I prefer three mantras: I will remember my dreams, I will have a lucid dream, and I will realize I'm dreaming. These three work well for me. It changes per person, but these three are great foundations.

----------


## iLight

Do you have any Mantras that come from sumerians , egyptians and so on from those times?

----------


## TalkingHead

Yea... I feel like Mantras in English that have understandable meaning to yourself are more effective than those in another language.. unless somehow you are able to create enough intention and meaning behind the foreign sounds.

----------


## Naiya

My very first mantra was "I will have a lucid dream tonight." It was waaaay back in the days before the Internets were available to everyone, and so I literally just had that and the look-at-your-hands-RC to go on for the first few years I tried to lucid dream. 

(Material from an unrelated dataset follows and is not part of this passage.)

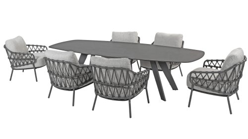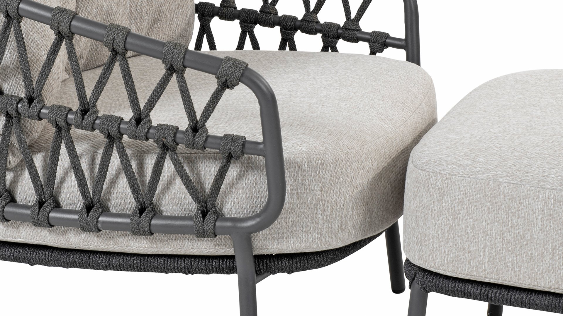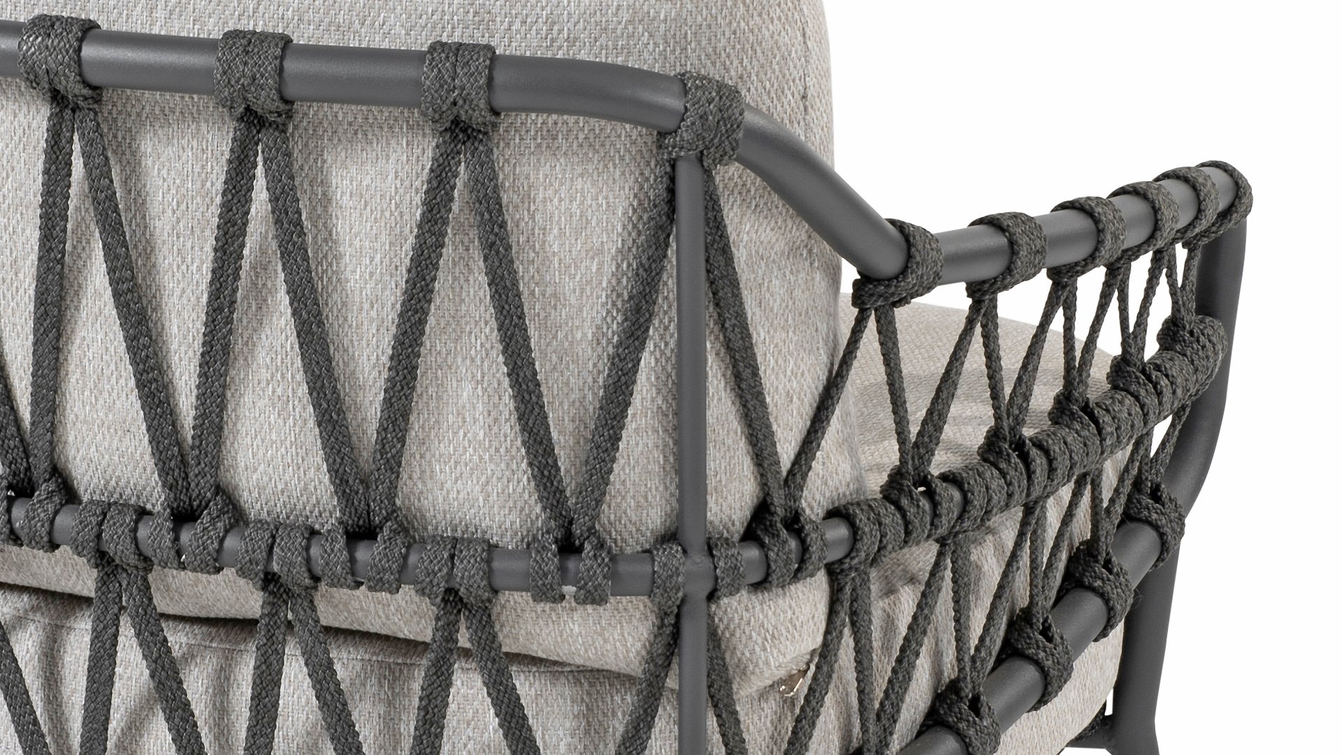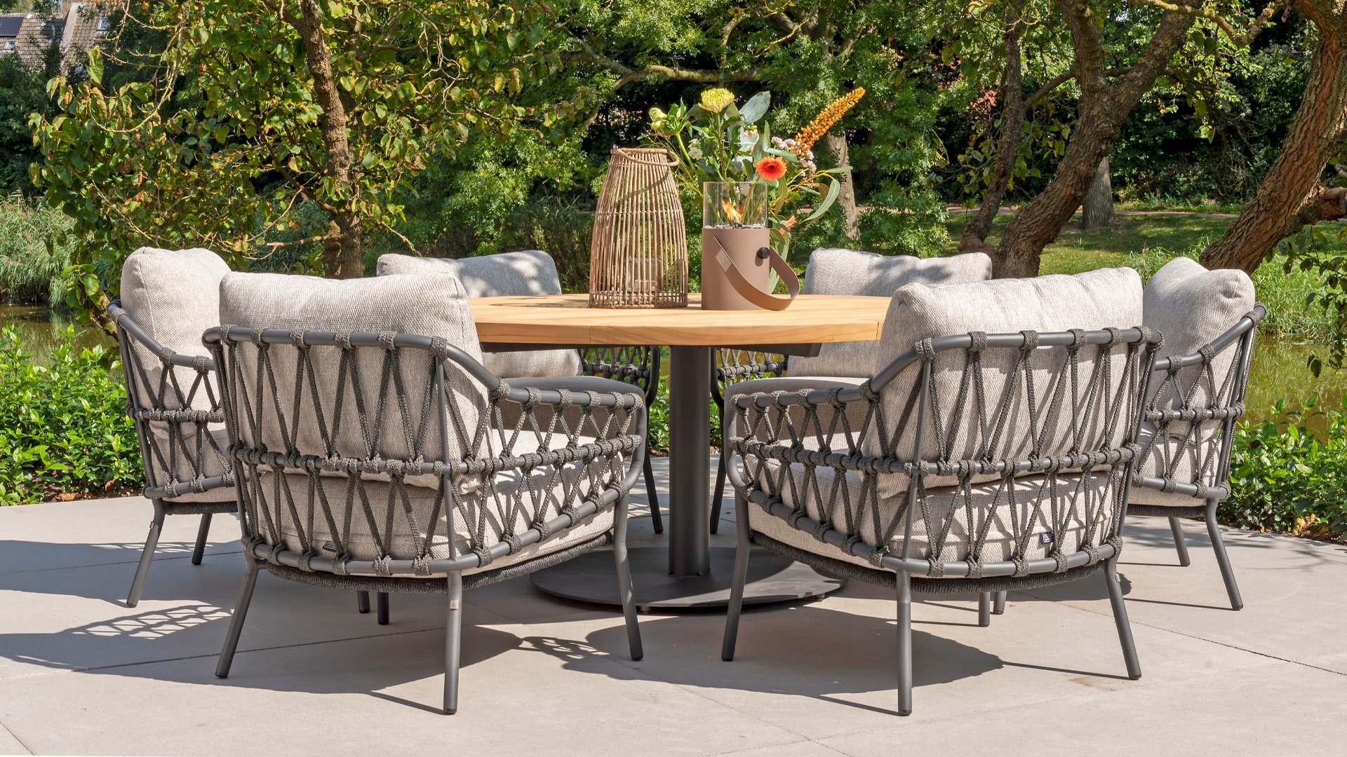 Die Calpi-Serie von 4 Seasons Outdoor hat ein zeitgemäßes Design und verleiht jeder Terrasse den hochwertigen Look, den Sie suchen. Die breiten Ropepartien sind auf originelle Weise gewebt und verleihen dem Calpi einen offenen Charakter. Der 4Seasons Calpi wird mit Kissen aus einem Allwetterstoff geliefert. Dieser Stoff wirkt wasser- und schmutzabweisend und ist somit widerstandsfähig gegen viele Witterungseinflüsse.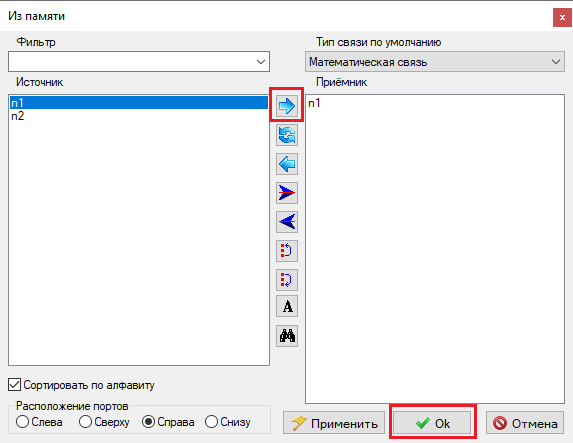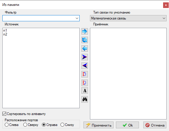 Рис. 28. Окно редактирования блока "Из памяти". - Одинарным нажатием левой кнопкой мыши выделить имя сигнала "n1" в столбце "Источник"

(I also had to walk three miles in the snow to dream school...are you asleep yet? Good! Now RC!  ::D: )






> "I am dreaming."



This is what I think to myself now, as I fall asleep. I feel that it's ten times better than the other because it is in the present tense. I also visualize myself in a dream or pretend the HI I'm seeing is a dream as I'm falling asleep. This phrase is definitely a great thing to have as the last thought you have before falling asleep, IMO.

----------


## Spores

Well the way I understand it the Egyptians and Sumerians did have a very advanced understanding of Lucid Dreaming, in the sense that they didn't need Mantra's to invoke them. 
So I don't think there are any interesting Lucid Dreaming Mantra's to be found.

Kleem is an interesting one, attracting...  :smiley:

----------